AGAINST OLIGARCHICAL CONTROL: COOPERATIVISM – THE COUNTERVAILING FORCE

  • Kim’s Dream
  • Orlando R. Ravanera

Who controls? Who decides? Who benefits? In a country where only 200 families control the economy, that is res ipsa loquitor! (the thing speaks for itself!)  Such oligarchical control specially of water and electricity which are means to life speaks of a horrible social injustice committed against the Filipino people that no less than His Excellency has underscored during his recent State of the Nation Address.

In a highly skewed pyramidal societal order, social change has become imperative in a “republican and democratic State where sovereignty resides with the people and all governmental powers emanate from them,” as stated in the Constitution’s Declaration of Principles. Indeed, when economic dictatorship of the oligarchs is grafted unto representative electoral democracy, a toxic growth of religious fundamentalism and right-wing extremism is the result. Thus oligarchical control leads not just to the death of democracy, but to the democracy of death, in which exclusion, hate, fear and cash become the political means to mobilize votes and power.
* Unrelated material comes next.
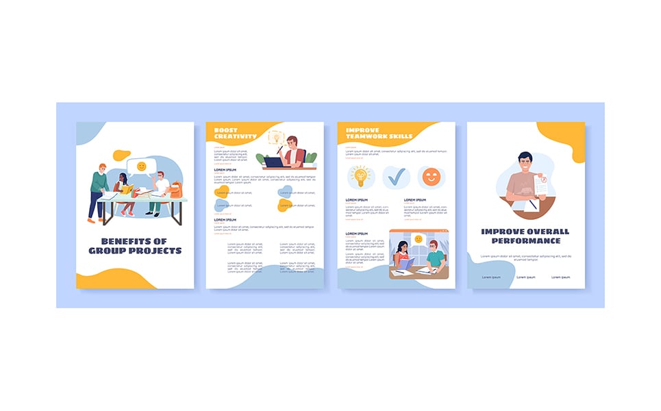 Group projects flat vector brochure template. Booklet, leaflet printable flat color designs. Editable magazine page, reports kit with text space. Sigmar One, Balsamiq Sans, Comfortaa fonts used
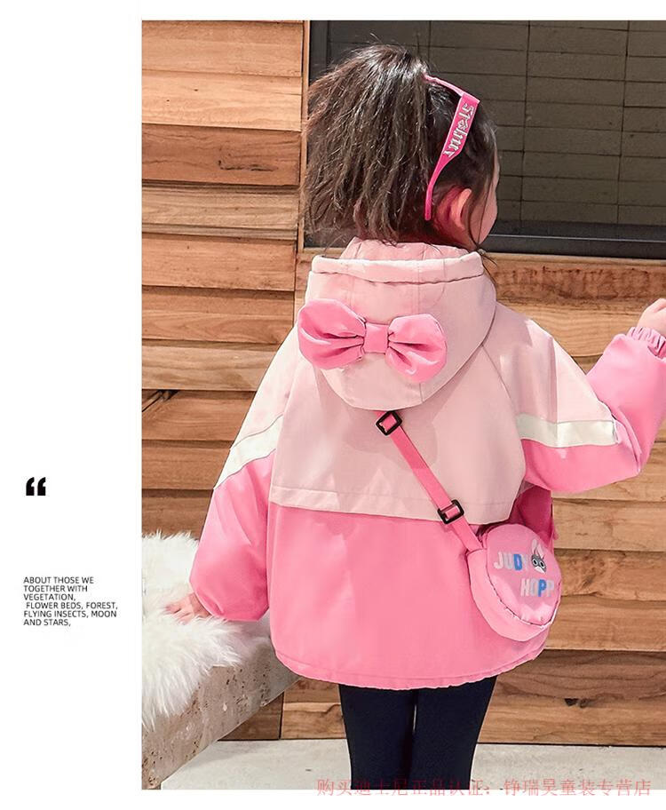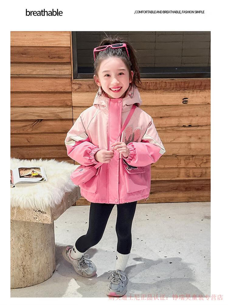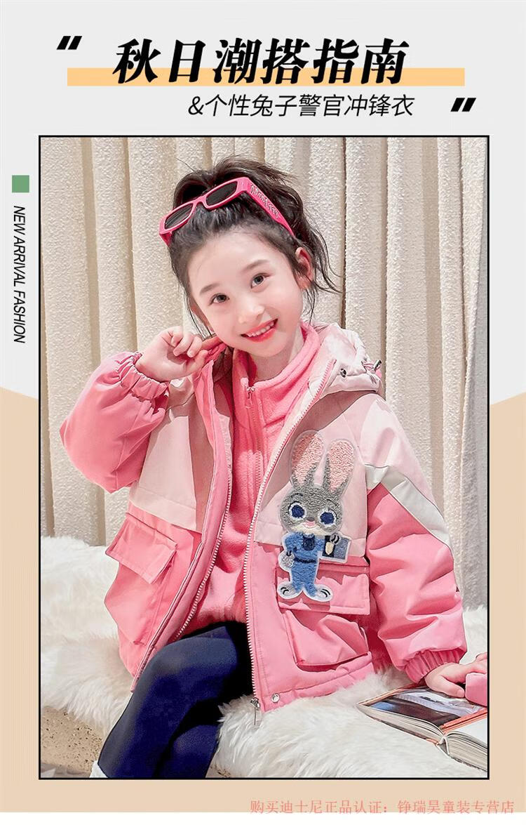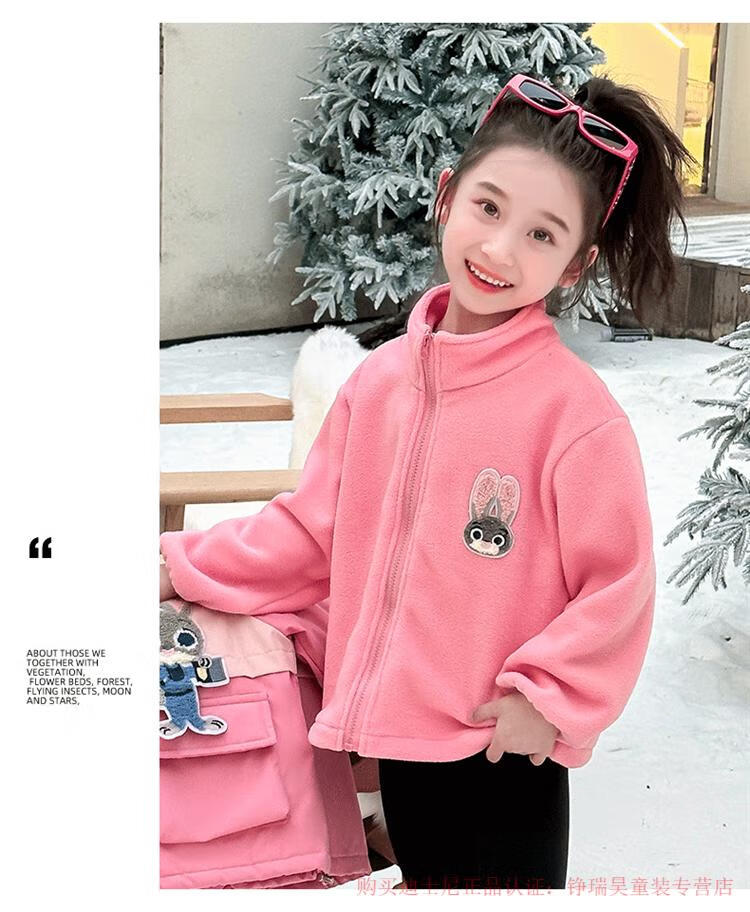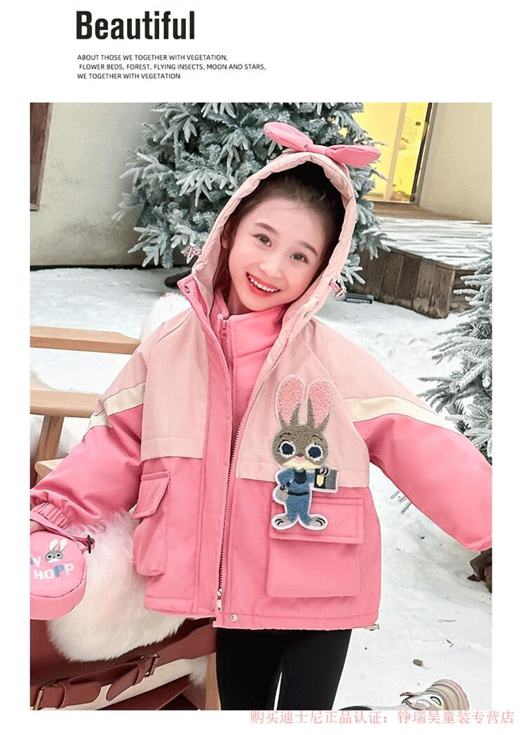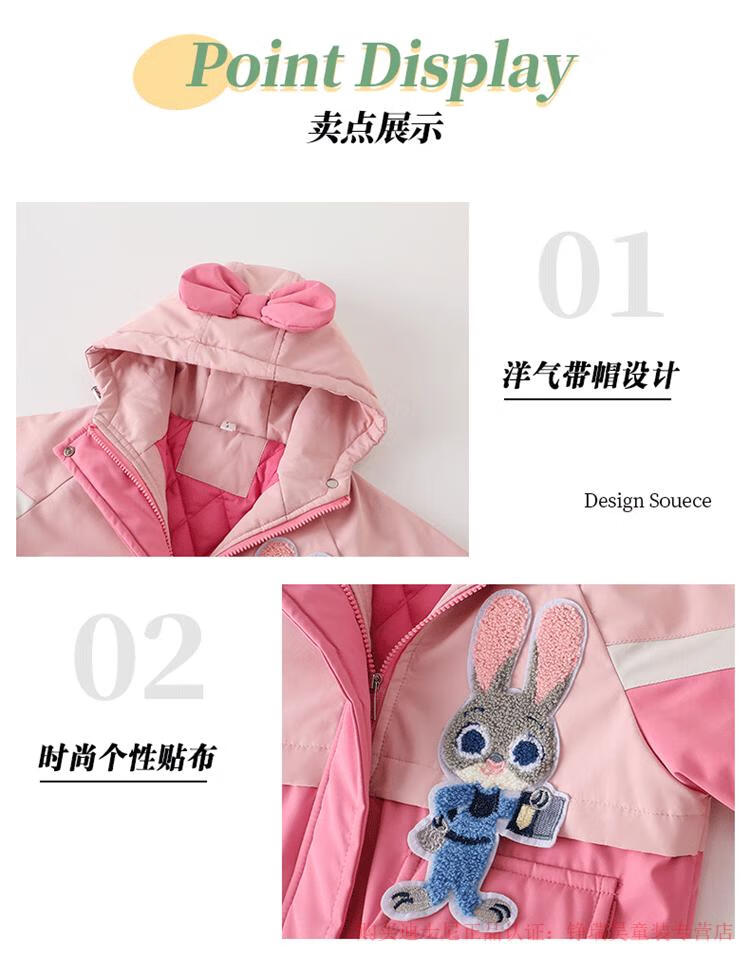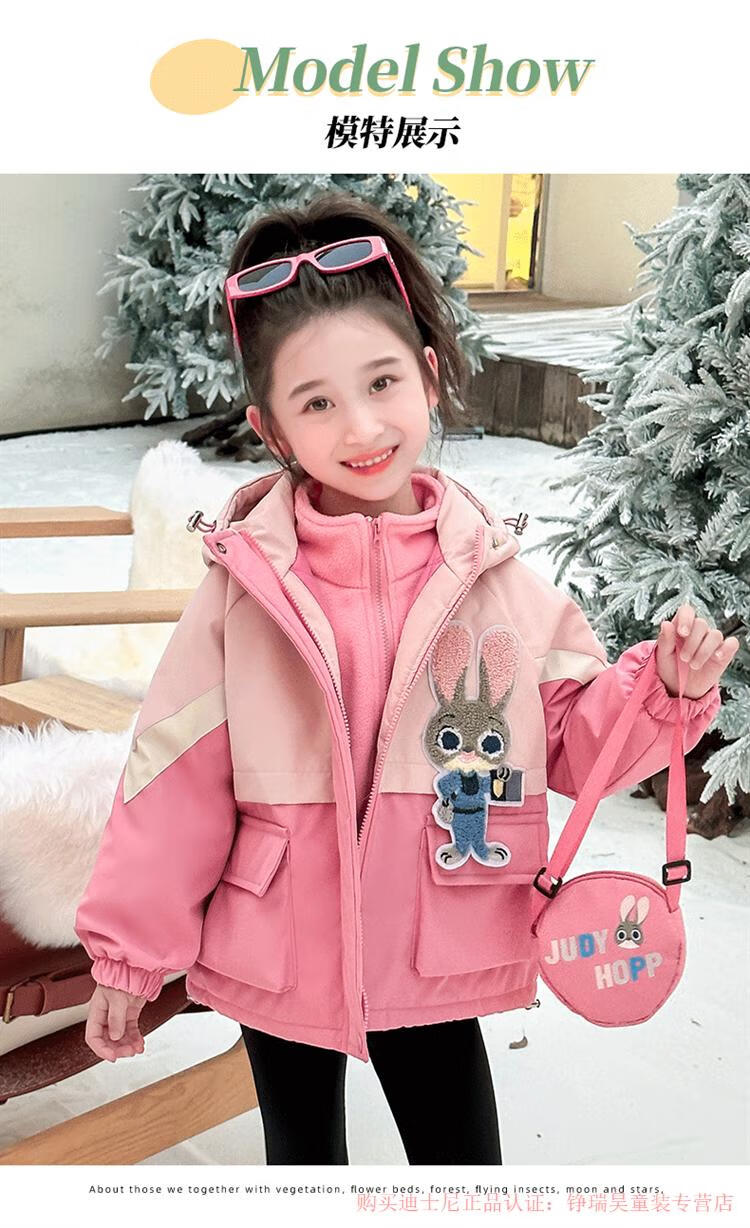 G.DUCKKIDS Girls Rabbit Police Jacket Three-in-one Padded Thickened Jacket Autumn and Winter 2025 New Children's Cotton Clothes Pink Jacket Padded Thickened 110

Thus, the imperative need of social change.

For those who have dreamt, struggled, advocated, sacrificed and even died for it, social change has been so elusive all these years despite 14 years of martial law and two people-powered revolutions.  The ingredients, systems and structures that perpetuate poverty and social injustice are still as formidable as ever.  BUT NOT ANYMORE UNDER THE PRESENT DISPENSATION OF PRESIDENT RODRIGO ROA DUTERTE.  Change has come! But how? THRU COOPERATIVISM!

Ten years ago, there were just seven (7) million members of the cooperatives nationwide. Today that number has almost doubled to more than more than (12) million from 18,481 cooperatives. As cooperatives are scaling the heights drawing those in the margins into the mainstream of development processes, the number can even reach 20 million in the next five years. No less than the United Nations has rallied the poor and the vulnerable to collectively stop poverty, hunger, social injustices and gross inequities through cooperativism. His Holiness Pope Francis has mentioned in His latest Encyclical Laudatu Si that in a world with so much food, why there are people who are hungry and the countervailing measure is cooperativism.

No one can stop the growth of cooperatives as cooperativism is an idea whose time has come not only in our country but in the whole world. Why is this so? First of all, it behooves upon all of us to examine the present development paradigm which is based on the growth-at-all-cost development strategy aptly called Neo-Liberal Capitalism. That kind of global economic system that is only successful in sacrificing humanity and Mother Earth to the altar of greed and profit is like a giant off-balance. So as not to fall, it has to run and in running, it steps on communities, forests, rivers, seas, agricultural lands, the ozone layer, the iceberg and even on people themselves, leaving havoc on its path.

That AIDS-like development strategy that kills the Earth’s vital organs, advances unbridled materialism and consumerism based on an individual pursuit of self-aggrandizement and wealth where money is used not to enhance the quality of life but to make more money. It this country, you call that block capitalism where cartels and the oligarchs run the economy, owned by only 200 families. In the world, only 8 billionaires are in control, whose total wealth equal the combined wealth of some 3.6 billion people or half of the world’s population. This is based on the Study of Oxfam.

Our country has become a dumping ground of finished products and source of cheap raw materials following extractive economy. Indeed, where have all our forests and minerals gone? Gone to highly industrialized countries as the country still maintains an exclusive and a neo-colonial status, having been a colony of imperial powers for hundreds of years.

Based on these realities, there must be a change now being championed by the present dispensation. An increasing number of people want change but how? When the Filipinos overwhelming voted to office a charismatic Mayor from Mindanao to become President, they wanted political change. This time economic change is in the offing but one that must debunk the present development paradigm. Yes, the only countervailing force is one that harnesses the collective power of the people called cooperativism.